One of my recent reads was Noise, by Darin Bradley. This book got lots and lots of buzz when it came out (at least online), but it wasn’t until last month I picked it up, as my original response was ‘that sounds like I’d hate it.’
Turns out that response was correct, just not in the way I’d expected.
The book is all filtered through the perspective of one disaffected youth, with his life-long BFF at his side. These guys grew up playing D&D, playing boffer swordfighting, and learning survival skills in scouts. So when the digital changeover leaves a gap of frequencies that pirate broadcasters hijack to share their apocalyptic warnings, the boys listen. They start planning, preparing, assembling their own ‘how to survive the apocalypse’ manual, a manual that assumes violence. Not just violence to survive, but lots of violence, as a primary tool of obtaining what you want.

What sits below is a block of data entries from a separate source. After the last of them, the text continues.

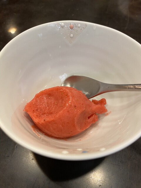 家内は、12貫食べてもう充分な様子だったが、好物の金華サバと、ネギトロ巻を頼んで完全燃焼。あー美味しかった...と席を立つと、「お待ち下さい、最後にデザートをお出ししますから。」と、シャーベットを唸りながら味わった。店は満席だったが、接客もとても心地よく、次は是非塩竈の本店にお邪魔したいという思いと、何とか東京にも出店して欲しいという、二つの思いを同時に胸に抱いて店を後にした。余は満足じゃ。ご馳走様でした。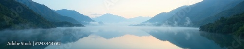 Misty morning at a serene lake in the mountains of Galapagos, serene, foggy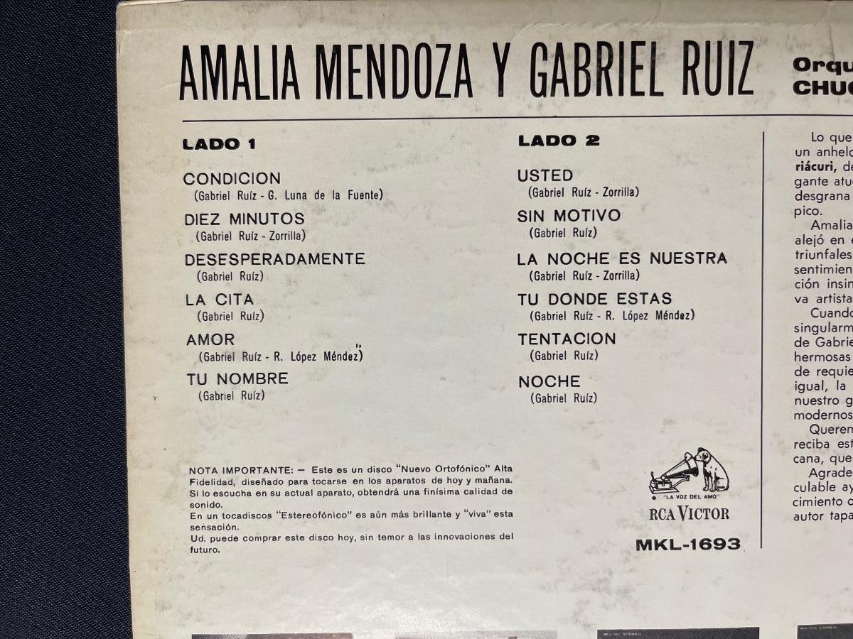 LOT 90: AMALIA MENDOZA Y GABRIEL RUIZ - SELF TITLED ALBUM - 1963 VINYL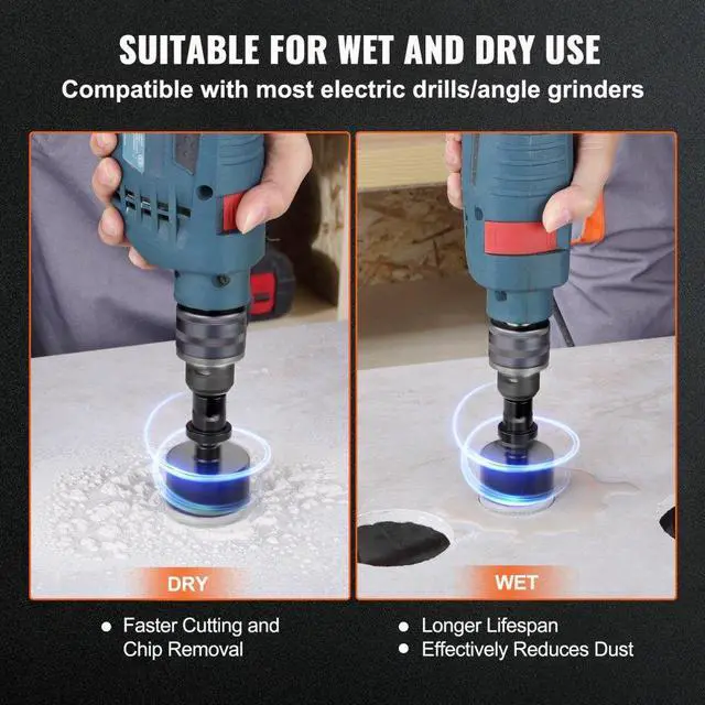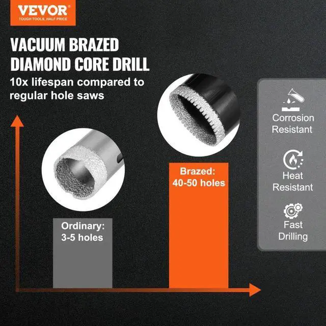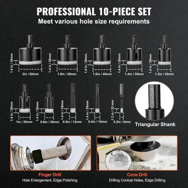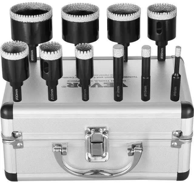 VEVOR Diamond Core Drill Bit Set, 10 PCS 6/10/12/20/25/30/35/40/45/50mm Diamond Hole Saw Kit, Triangular Shank, with Storage Case, for Dry and Wet, Diamond Drill Bits for Ceramic Tile Porcelain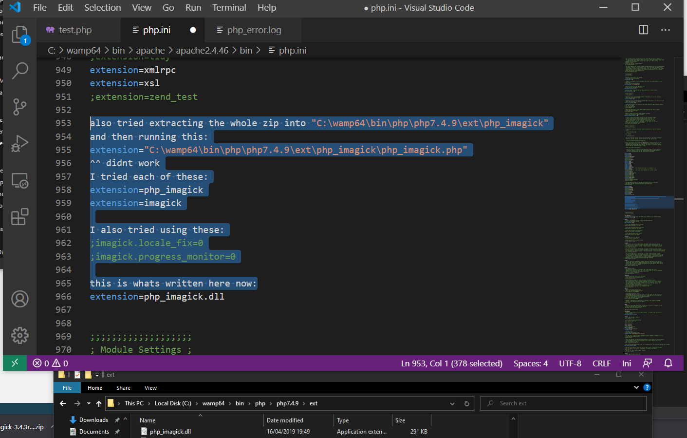 C:\wamp64\bin\php\php7.4.9\ext它与我目前使用的PHP版本相匹配(更多的informationphp.ini请参阅稍后的图片)。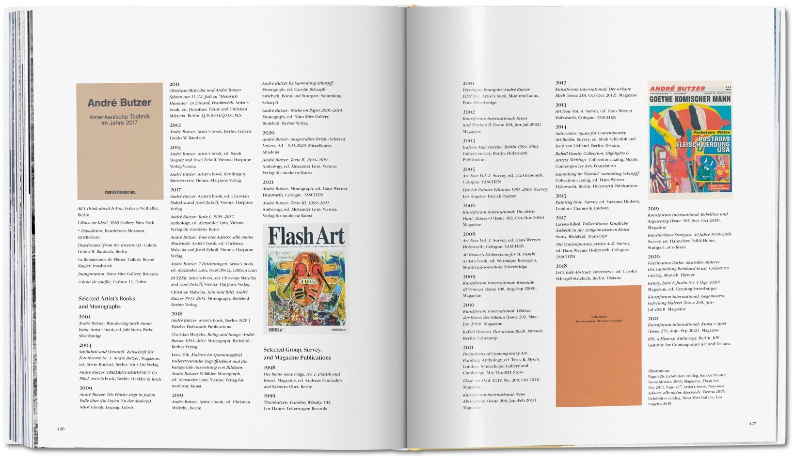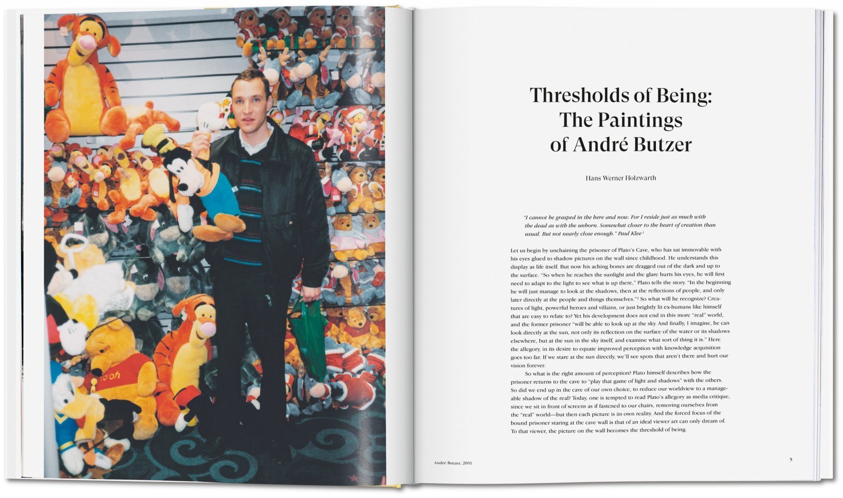 full range of Butzer’s oeuvre from 1999 to 2021, the works’ progression gaining an almost musical drive of development, return, and new beginnings. The plates are interspersed with contemporary quotes from the artist that illuminate his idiosyncratic stance as a background to the work, as well as photos from his archives. The introductory essay, written by Hans Werner Holzwarth, investigates the different work phases, and places the artist’s ideas in a wider discourse of abstraction and figuration after the end of either genre. And, most importantly, the book’s pristine, huge-format illustrations fully evidence the finesse as a colorist that place this artist among the internationally most recognized painters of his generation.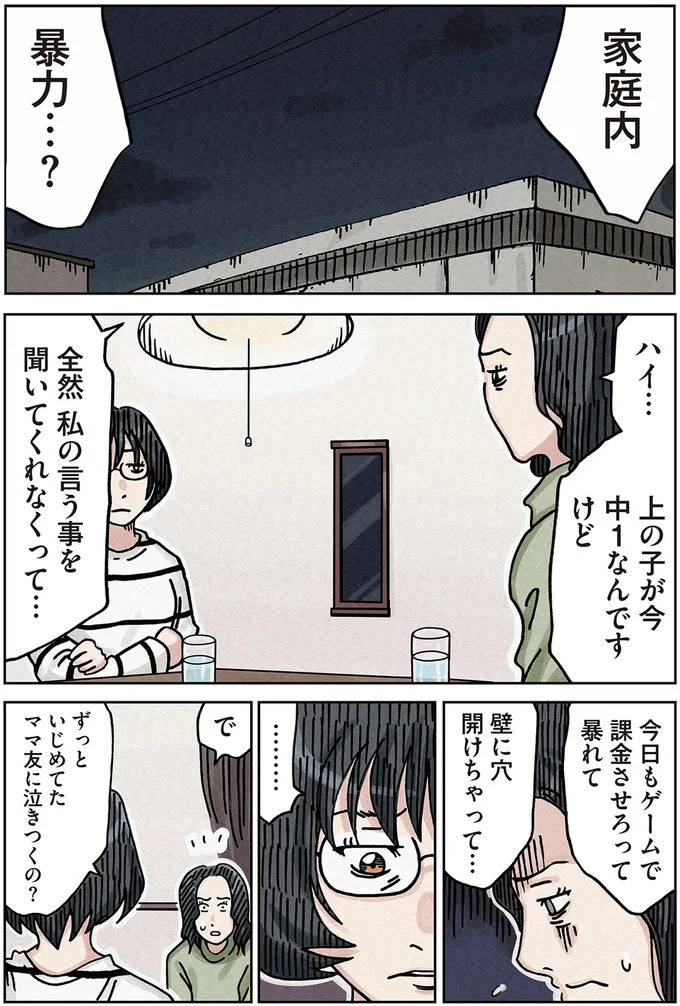 ユリは中1の上の子の家庭内暴力に悩んでいました。リゼの腕っぷしの強さを見込んでのことか、泣きついてきたのです。

Noise is a book about the ways that personal mythology can be used to completely transform your thinking, and how cultural narratives and groupthink can be used to justify all sorts of horrible acts.
The book is far easier to understand just by reading it. I found that as much as I deplored what was going on in the book, it was compellingly told, and I could imagine that there would be no small number of people who, in the event of a collapse as described (sketchily, I’ll add — either viewable as a bug in the book or a feature if you think that the main character doesn’t really care about the collapse, just the response), would go off the deep end like that.
It’s not an easy book to read, and it is not a clear condemnation or valorization of geeks, boy scouts, or anarchists. It is, instead, a fascinating character study of how a pair of suburban boys try to transform themselves into the kind of people who can survive and thrive in an apocalypse and post-collapse world.